Discussion and Conclusion
Similar results are obtained for another database of 7-day/24-hour ABPM records contributed by citizens of Tosa City, Japan. Details of this data set and results obtained on their basis have been summarized elsewhere [9]. Among its 371 records, only 5 were shorter than 5 days or had otherwise insufficient data to obtain a reliable estimate of the DNR; there were 7, 20, and 339 records covering 5, 6, and 7 (or longer) days, respectively. The percentage agreement for the classification in terms of dipping averaged (mean ± SE) 59.05 ± 1.25% and 61.08 ± 1.23% for SBP and DBP, respectively. Individual ranges of the daily DNR over the weekly records exceeded 20%, namely averaging (mean ± SE) 22.45 ± 0.45% and 24.16 ± 0.48% for SBP and DBP, respectively.

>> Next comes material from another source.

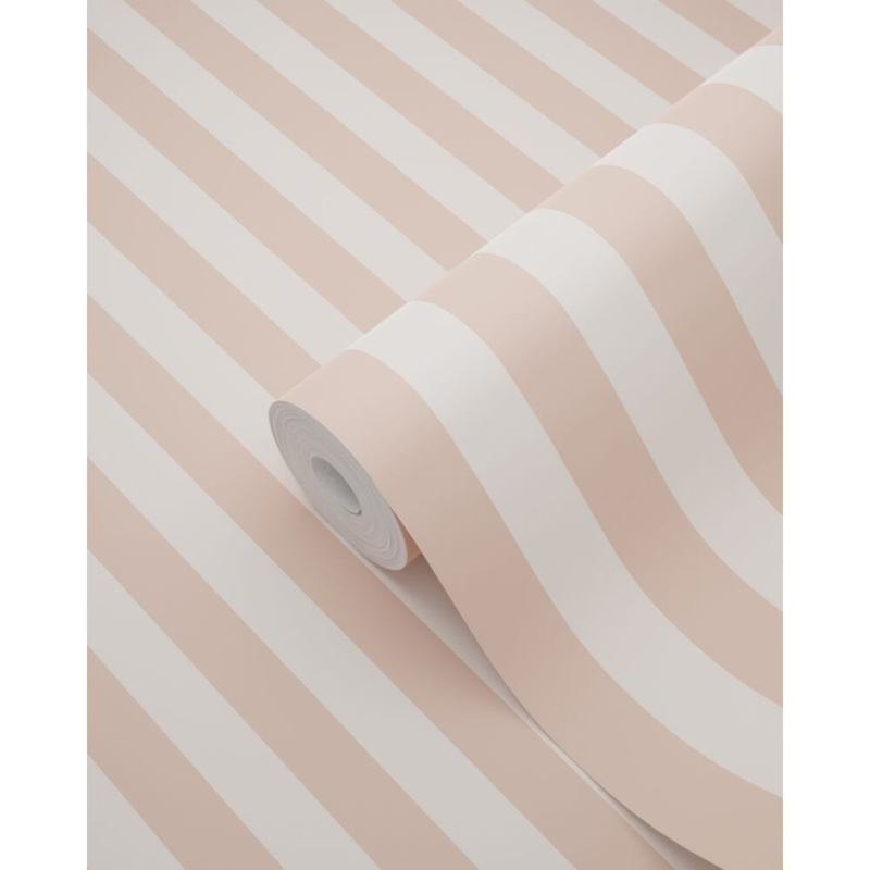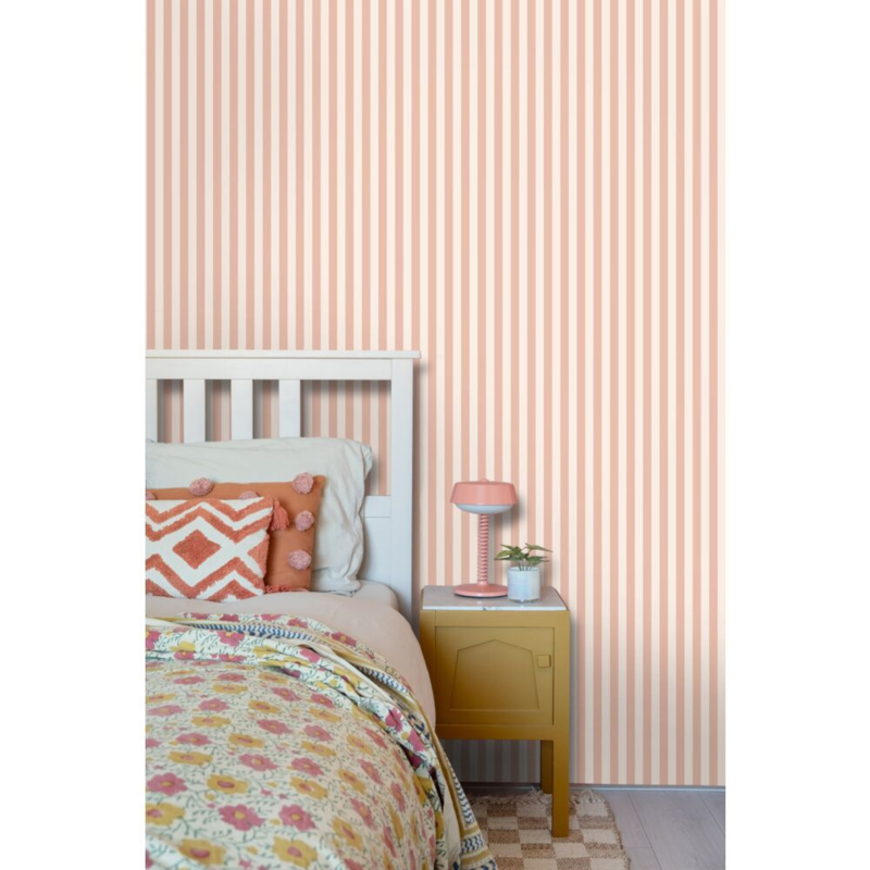 Met dit frisse behang met strepen in terracotta roze geef je je interieur meteen een speelse uitstraling. Laat je creativiteit de vrije loop en haal de levendige energie van kleur in huis.

The fact that similar results are found in two countries on two different continents, representing two different ethnic populations attests to the generality of the limitations of the dipping classification derived from 24-hour ABPM records.
Herein, we used the original definition of the DNR [8]. Slightly different formulae have been used since [10, 11], which suffer from the same shortcomings. Several factors account for the poor performance of the DNR used for a classification in terms of dipping. First and foremost is the large variability in the circadian variation of BP from one day to another noted earlier [5], which accounts for the poor reliability of the DNR based on a single 24-hour ABPM record. Another limitation of the classification in terms of dipping based on the DNR relates to the threshold values chosen for the DNR to delineate the four dipping categories. These limits do not account for gender differences or changes in the circadian BP variation as a function of age. In particular, an accentuating post-prandial BP dip in early afternoon in older persons can greatly affect the daytime mean, and hence the DNR [12].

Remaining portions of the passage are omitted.